What to work on: Output exactly, in the material below, the lines from the one with "今年3月,35个三线城市中,仍有10个城" through the one with "Paw print shaped". Omit all pictures.

Information given:
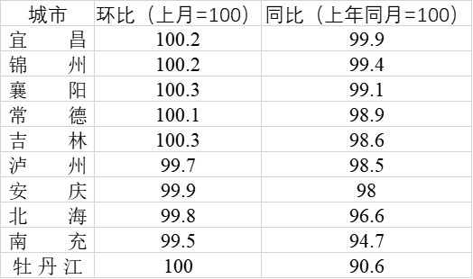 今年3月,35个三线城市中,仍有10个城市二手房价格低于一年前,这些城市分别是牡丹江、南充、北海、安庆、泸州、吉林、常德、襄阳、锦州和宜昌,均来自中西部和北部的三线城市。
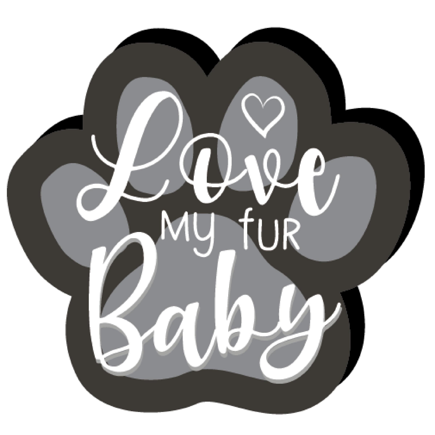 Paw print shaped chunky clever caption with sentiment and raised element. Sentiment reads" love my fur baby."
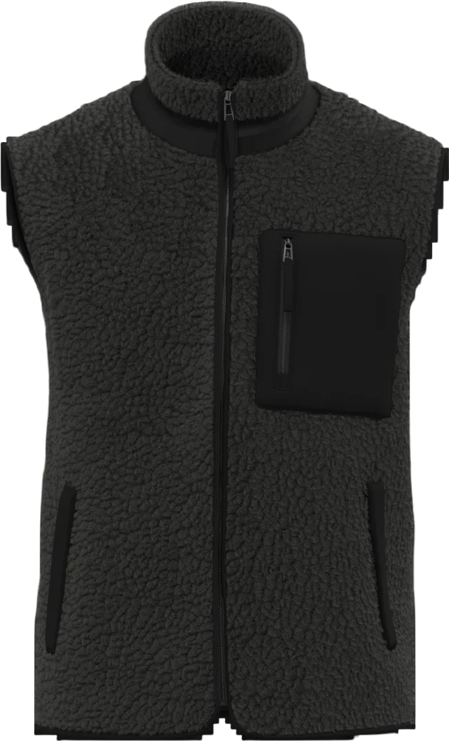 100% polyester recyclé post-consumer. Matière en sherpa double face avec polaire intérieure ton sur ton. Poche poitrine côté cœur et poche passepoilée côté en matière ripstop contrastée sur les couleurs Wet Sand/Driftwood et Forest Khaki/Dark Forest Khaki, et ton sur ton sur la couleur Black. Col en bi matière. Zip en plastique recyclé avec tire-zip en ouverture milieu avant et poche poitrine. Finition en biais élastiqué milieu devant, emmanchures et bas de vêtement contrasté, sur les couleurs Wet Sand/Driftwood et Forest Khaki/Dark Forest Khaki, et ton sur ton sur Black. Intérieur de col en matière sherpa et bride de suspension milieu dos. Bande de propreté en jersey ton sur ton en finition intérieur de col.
==
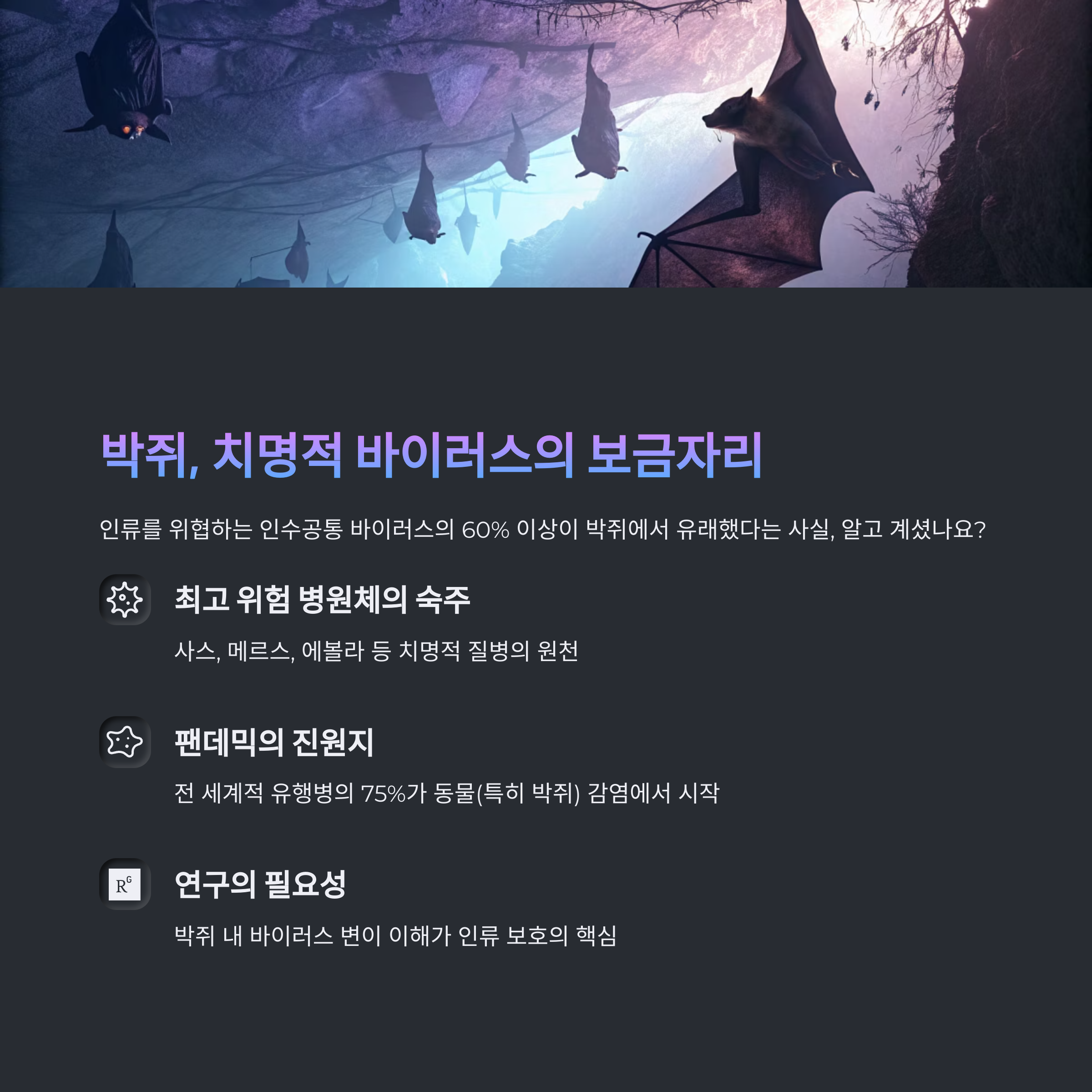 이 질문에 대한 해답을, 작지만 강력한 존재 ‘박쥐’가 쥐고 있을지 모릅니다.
...
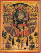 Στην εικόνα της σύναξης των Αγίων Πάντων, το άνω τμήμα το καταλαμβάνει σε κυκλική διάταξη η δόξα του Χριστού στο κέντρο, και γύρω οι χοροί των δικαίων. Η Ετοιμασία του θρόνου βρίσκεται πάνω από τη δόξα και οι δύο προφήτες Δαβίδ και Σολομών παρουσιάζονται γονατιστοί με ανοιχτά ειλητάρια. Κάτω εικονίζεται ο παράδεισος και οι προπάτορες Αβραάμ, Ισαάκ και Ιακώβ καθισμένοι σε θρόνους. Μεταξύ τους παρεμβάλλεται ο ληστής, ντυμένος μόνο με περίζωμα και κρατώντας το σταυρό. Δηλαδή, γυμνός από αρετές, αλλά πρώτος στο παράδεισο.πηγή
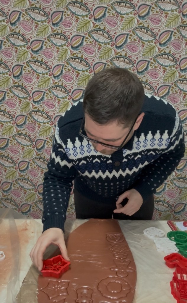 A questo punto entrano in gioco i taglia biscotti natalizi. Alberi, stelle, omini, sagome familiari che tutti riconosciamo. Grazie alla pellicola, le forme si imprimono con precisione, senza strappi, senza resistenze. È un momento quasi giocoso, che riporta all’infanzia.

Problem solution:
 今年3月,35个三线城市中,仍有10个城市二手房价格低于一年前,这些城市分别是牡丹江、南充、北海、安庆、泸州、吉林、常德、襄阳、锦州和宜昌,均来自中西部和北部的三线城市。
 Paw print shaped chunky clever caption with sentiment and raised element. Sentiment reads" love my fur baby."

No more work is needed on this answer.